The Note came home. “What the bloody hell is this?” was Richard’s initial response, since his daughter’s school reports had never before been sullied by anything as crass as a cat-fight.
“Girls have been inviting me for sleepovers because their mothers have a crush on you,” said Eliza, who felt it was time he took some responsibility. “And sisters,” she added, pedantically. “I got angry.” She told him what Angie said, and what she said, and what happened. “Dad, I want to be normal,” she added, with emphasis.

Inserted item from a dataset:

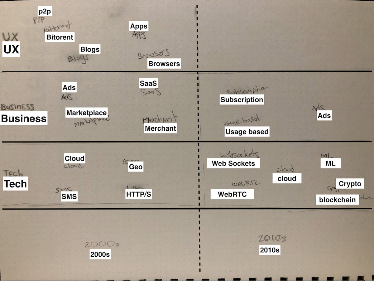 There's been a lot recaps (still) about the last ten years I've stumbled upon ending the new year. Many discussing how tech has changed society and our lives in ways we never imagined. Some I agree with, some I think it's too early to tell. One experiment I've been toying with (besides this newsletter) is to try and sketch out my thoughts in random/creative ways. Here's my first one where I thought: "What new user experiences / businesses / tech came about in the 2000s vs the 2010s?" It's not complete, but it's a rough attempt to try and understand progress we've witnessed. What prompted me was this oral history of Limewire.

Richard’s Anger immediately looked abashed and tried to hide under a chair, as he began to remember his sister having similar complaints when they were at school. Even then, Richard’s saturnine good looks and air of smouldering sexuality caused schoolgirl hearts to beat faster. Their schools were segregated, of course, but there were brothers and sisters attending each school, and it didn’t take much: family attendance at school recitals, or a school play in which Richard would, of course, be appearing. Danielle, only fifteen months younger and in the year below him, was inundated with invitations and overtures of best-friendship as a ploy to get to know him.
Danielle loved her brother, but once he started to make a name for himself, she never admitted to their relationship and would deny it most elegantly if questioned. “I wish!” she would say, as convincingly as one would expect of a MacLean. “But no, he’s no relation. I expect there’re lots of MacLeans in the phone book!” Fortunately for Danielle, she took after her mother in appearance, however Eliza’s resemblance to her father was so striking that denial was futile.

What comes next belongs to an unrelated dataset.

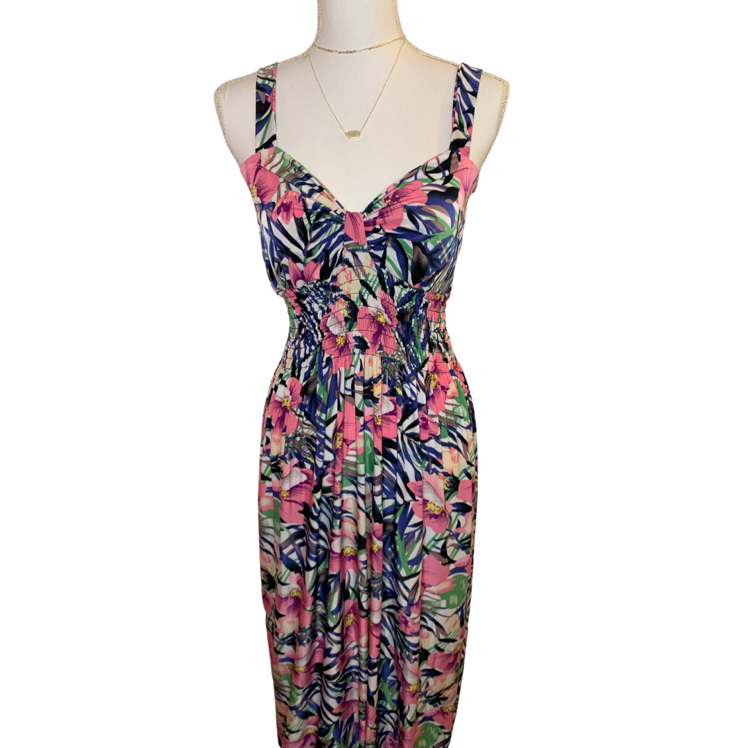Cherry Blossom Maxi Dress made very soft, very stretchy, light weight material. Spaghetti Strap with Crunchy Front.

“Sorry, poppet,” Richard apologised belatedly. “I had no idea females could be so manipulative.” He smiled at her a little ruefully. “What should we do if we find school mums dancing naked on the lawn?”
“Hose ’em down?” suggested Eliza, much entertained by the possibility.
Eliza felt that females were often unreliable and usually hard to fathom, except for Mehitabel. At present she didn’t even have Mehitabel, who had been sent off, under protest, to live with Auntie Danni in the Cotswolds.